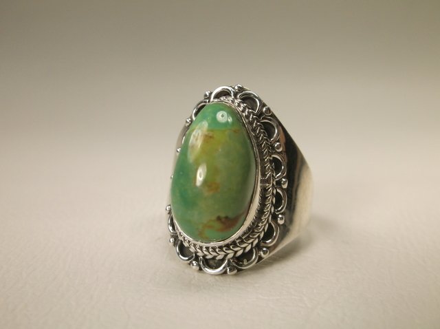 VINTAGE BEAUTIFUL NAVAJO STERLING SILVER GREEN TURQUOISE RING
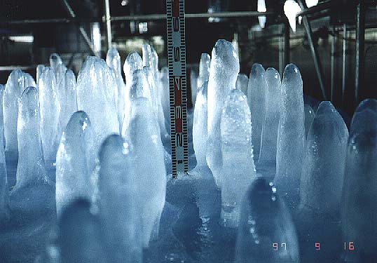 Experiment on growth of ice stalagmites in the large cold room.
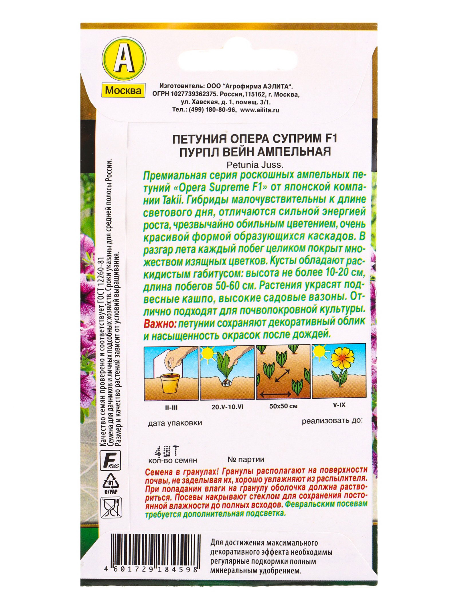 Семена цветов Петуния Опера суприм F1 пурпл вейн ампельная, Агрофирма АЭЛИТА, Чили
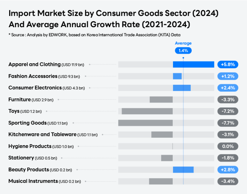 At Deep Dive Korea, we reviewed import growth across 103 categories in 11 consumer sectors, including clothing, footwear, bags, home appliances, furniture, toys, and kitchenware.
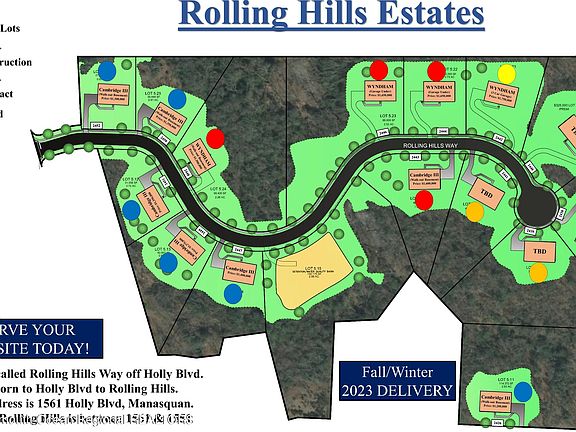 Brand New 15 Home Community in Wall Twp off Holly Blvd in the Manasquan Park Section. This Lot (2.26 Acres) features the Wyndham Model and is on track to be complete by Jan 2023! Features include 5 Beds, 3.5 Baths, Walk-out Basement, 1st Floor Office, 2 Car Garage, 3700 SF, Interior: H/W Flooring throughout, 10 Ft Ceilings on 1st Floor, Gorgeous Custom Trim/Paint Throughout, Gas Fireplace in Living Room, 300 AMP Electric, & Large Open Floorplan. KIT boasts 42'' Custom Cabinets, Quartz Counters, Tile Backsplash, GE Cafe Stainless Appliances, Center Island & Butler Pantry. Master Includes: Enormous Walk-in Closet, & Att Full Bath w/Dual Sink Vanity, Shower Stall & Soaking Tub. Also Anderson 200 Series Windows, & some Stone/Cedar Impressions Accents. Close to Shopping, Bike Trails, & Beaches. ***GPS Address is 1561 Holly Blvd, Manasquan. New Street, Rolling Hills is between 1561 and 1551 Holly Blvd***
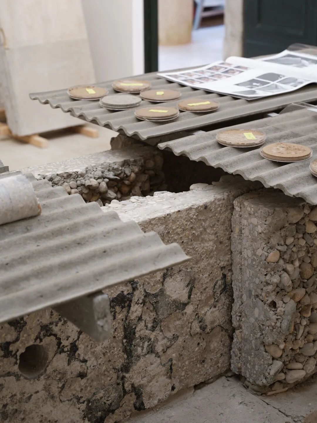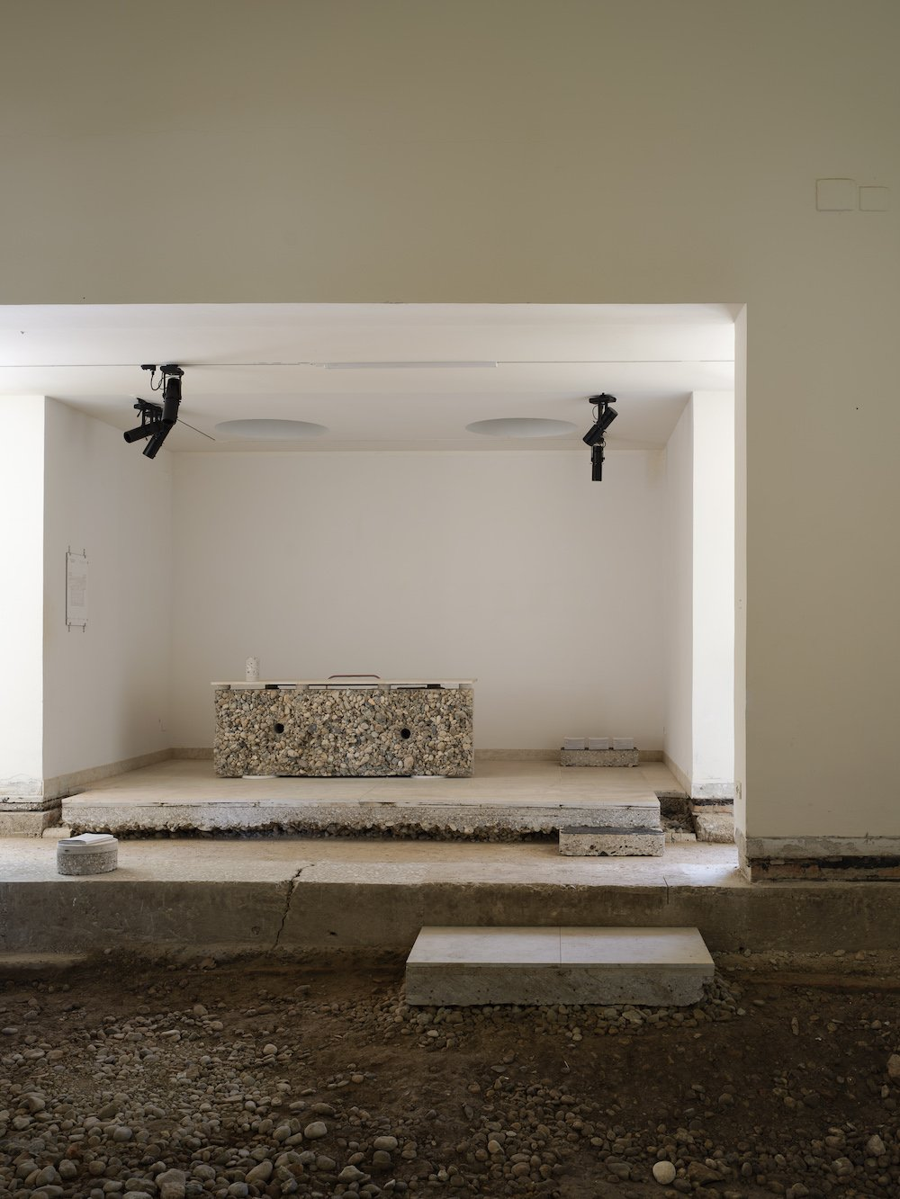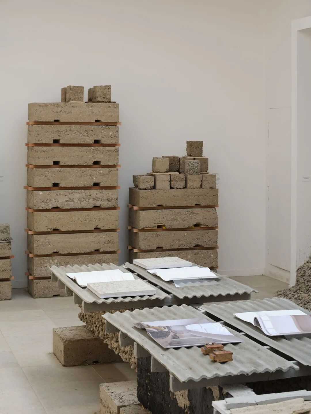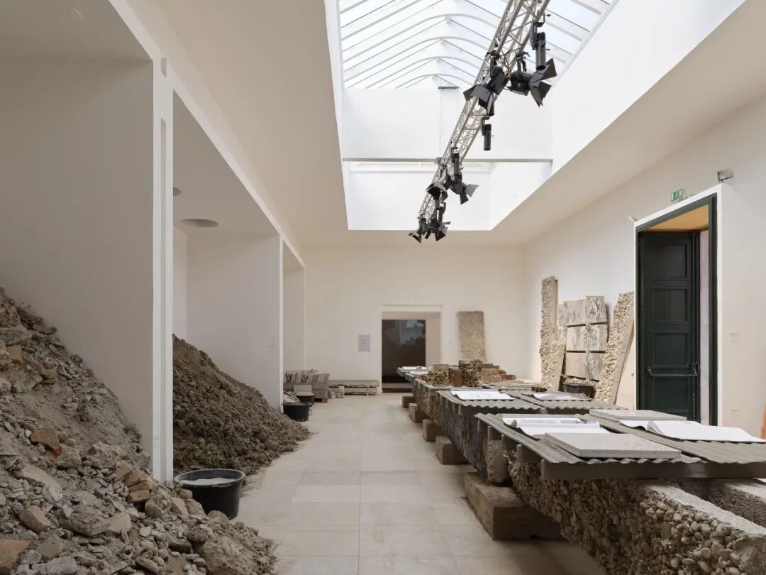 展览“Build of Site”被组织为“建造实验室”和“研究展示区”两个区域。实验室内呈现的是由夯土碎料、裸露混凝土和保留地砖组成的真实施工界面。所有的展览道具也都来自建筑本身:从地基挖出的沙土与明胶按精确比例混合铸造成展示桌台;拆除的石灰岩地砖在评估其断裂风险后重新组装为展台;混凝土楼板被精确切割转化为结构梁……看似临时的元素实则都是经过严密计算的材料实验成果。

---

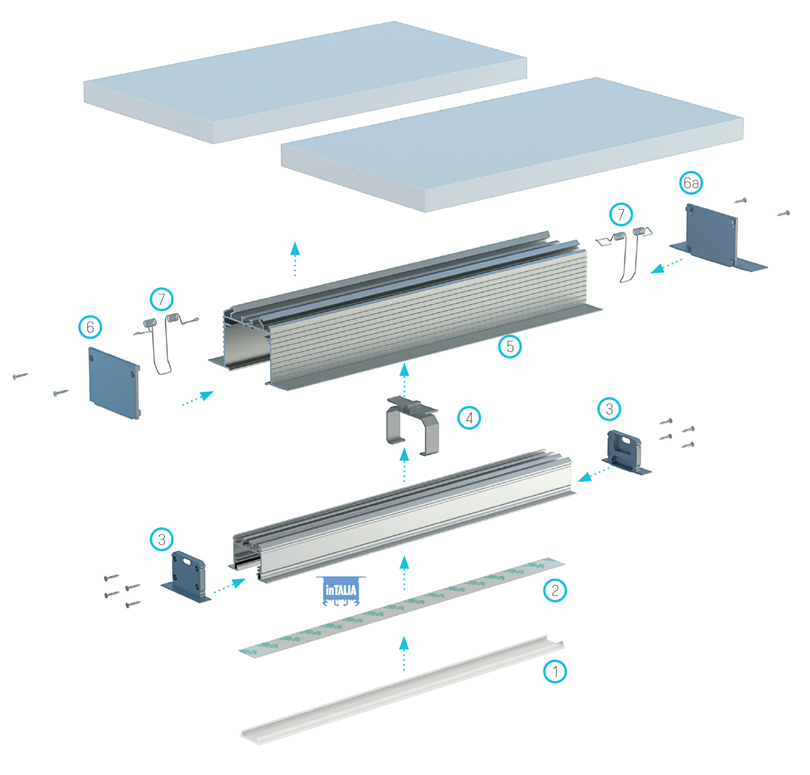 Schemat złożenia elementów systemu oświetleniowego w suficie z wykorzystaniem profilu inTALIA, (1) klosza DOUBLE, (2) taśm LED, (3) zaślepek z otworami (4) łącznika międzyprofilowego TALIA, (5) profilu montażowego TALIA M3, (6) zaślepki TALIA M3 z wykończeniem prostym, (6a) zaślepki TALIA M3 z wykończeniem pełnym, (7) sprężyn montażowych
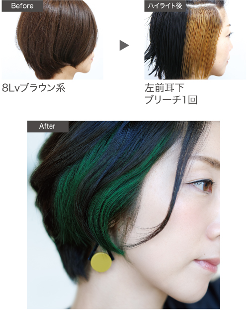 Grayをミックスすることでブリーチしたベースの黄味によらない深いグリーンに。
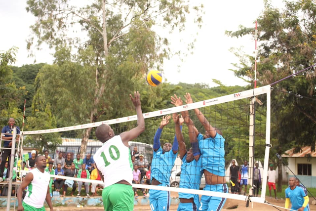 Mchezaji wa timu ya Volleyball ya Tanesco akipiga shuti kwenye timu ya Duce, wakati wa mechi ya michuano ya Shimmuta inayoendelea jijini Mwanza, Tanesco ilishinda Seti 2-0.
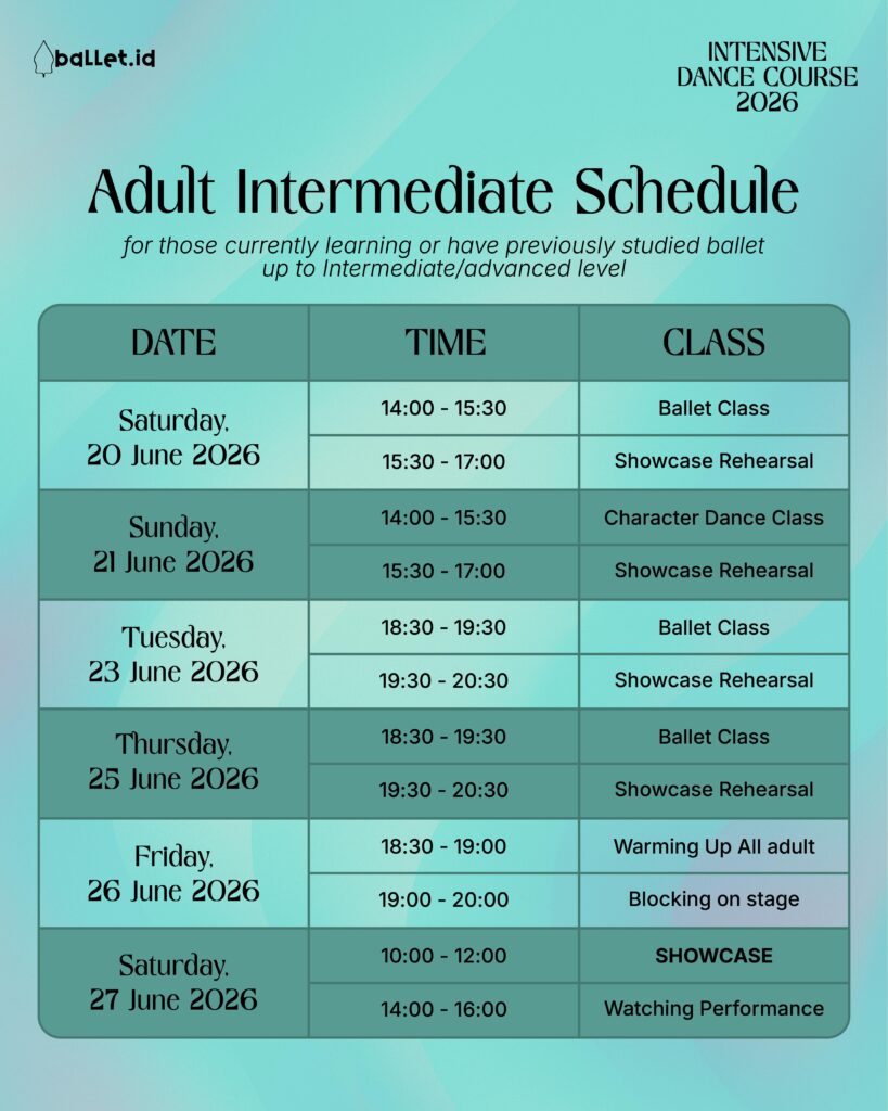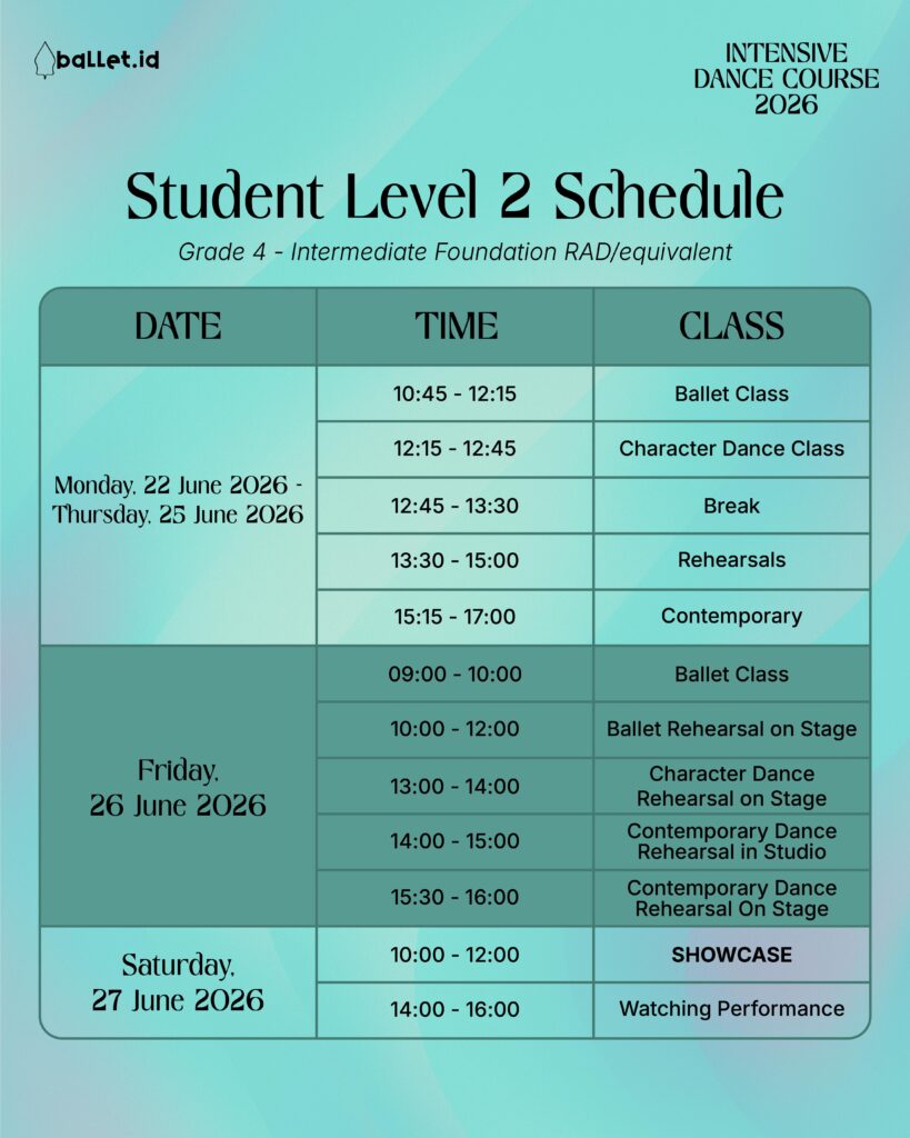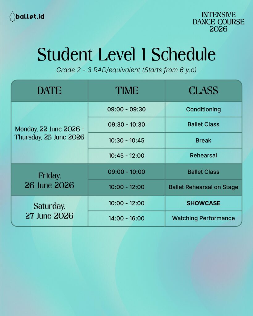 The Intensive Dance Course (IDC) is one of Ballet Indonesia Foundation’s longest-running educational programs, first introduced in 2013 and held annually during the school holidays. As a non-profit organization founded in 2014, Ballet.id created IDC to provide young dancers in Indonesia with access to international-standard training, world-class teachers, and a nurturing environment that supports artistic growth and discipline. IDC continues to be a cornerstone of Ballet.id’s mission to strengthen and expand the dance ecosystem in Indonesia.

==

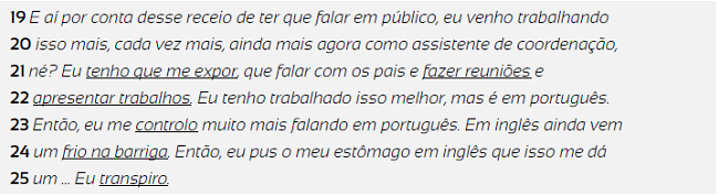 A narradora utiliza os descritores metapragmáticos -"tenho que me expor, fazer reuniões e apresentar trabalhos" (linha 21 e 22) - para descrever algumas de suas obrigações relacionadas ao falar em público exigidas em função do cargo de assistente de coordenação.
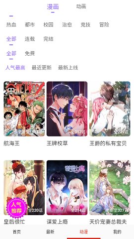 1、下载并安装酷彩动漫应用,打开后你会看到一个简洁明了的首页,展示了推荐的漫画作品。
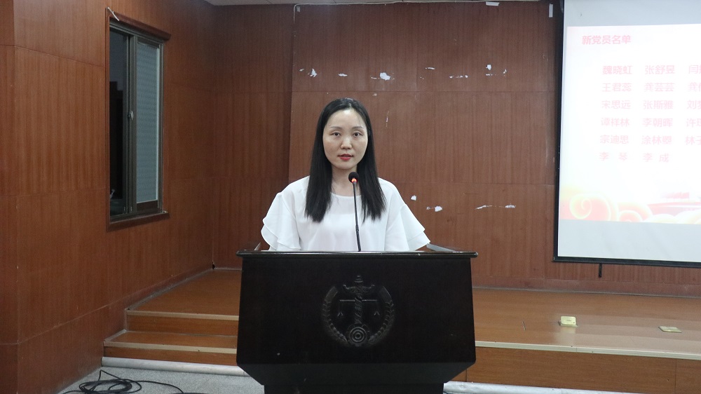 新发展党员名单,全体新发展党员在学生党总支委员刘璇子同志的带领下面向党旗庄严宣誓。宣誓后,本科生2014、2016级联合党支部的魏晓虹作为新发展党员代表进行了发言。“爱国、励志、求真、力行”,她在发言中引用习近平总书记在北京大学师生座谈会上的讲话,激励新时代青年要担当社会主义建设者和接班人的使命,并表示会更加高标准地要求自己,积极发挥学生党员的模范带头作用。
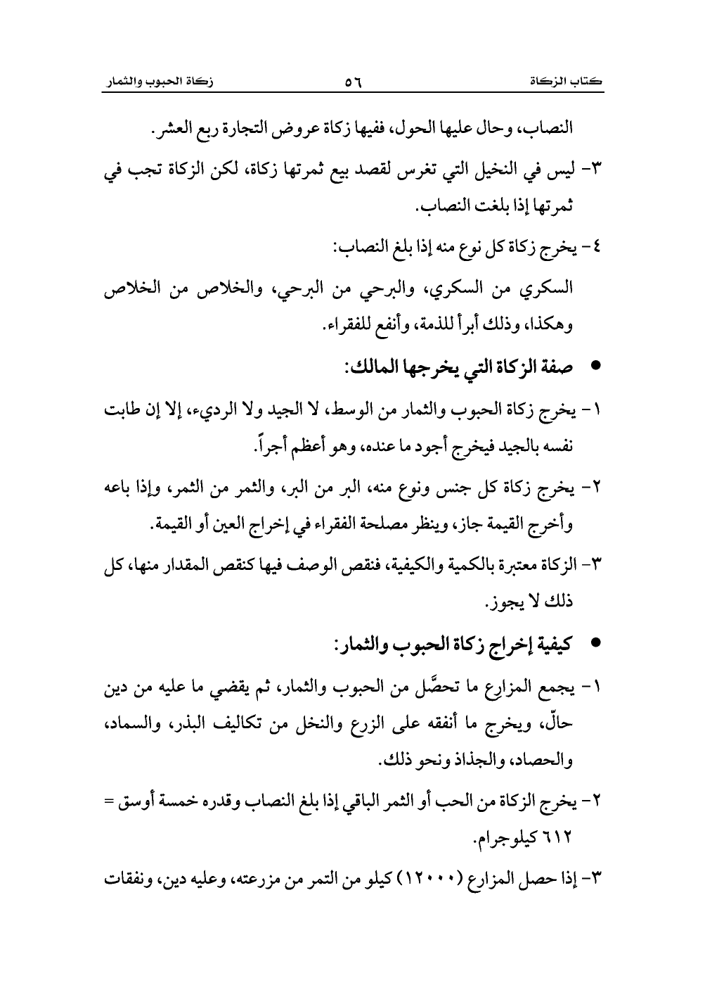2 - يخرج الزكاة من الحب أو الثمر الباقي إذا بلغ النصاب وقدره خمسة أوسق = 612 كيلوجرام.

**TASK TO CARRY OUT:** Although pictures appear among the records above, none are to be output; print exactly the lines from the line containing "VINTAGE BEAUTIFUL NAVAJO" through the line containing "At Deep Dive".

**RESULT:**
 VINTAGE BEAUTIFUL NAVAJO STERLING SILVER GREEN TURQUOISE RING
 Experiment on growth of ice stalagmites in the large cold room.
 Семена цветов Петуния Опера суприм F1 пурпл вейн ампельная, Агрофирма АЭЛИТА, Чили
 At Deep Dive Korea, we reviewed import growth across 103 categories in 11 consumer sectors, including clothing, footwear, bags, home appliances, furniture, toys, and kitchenware.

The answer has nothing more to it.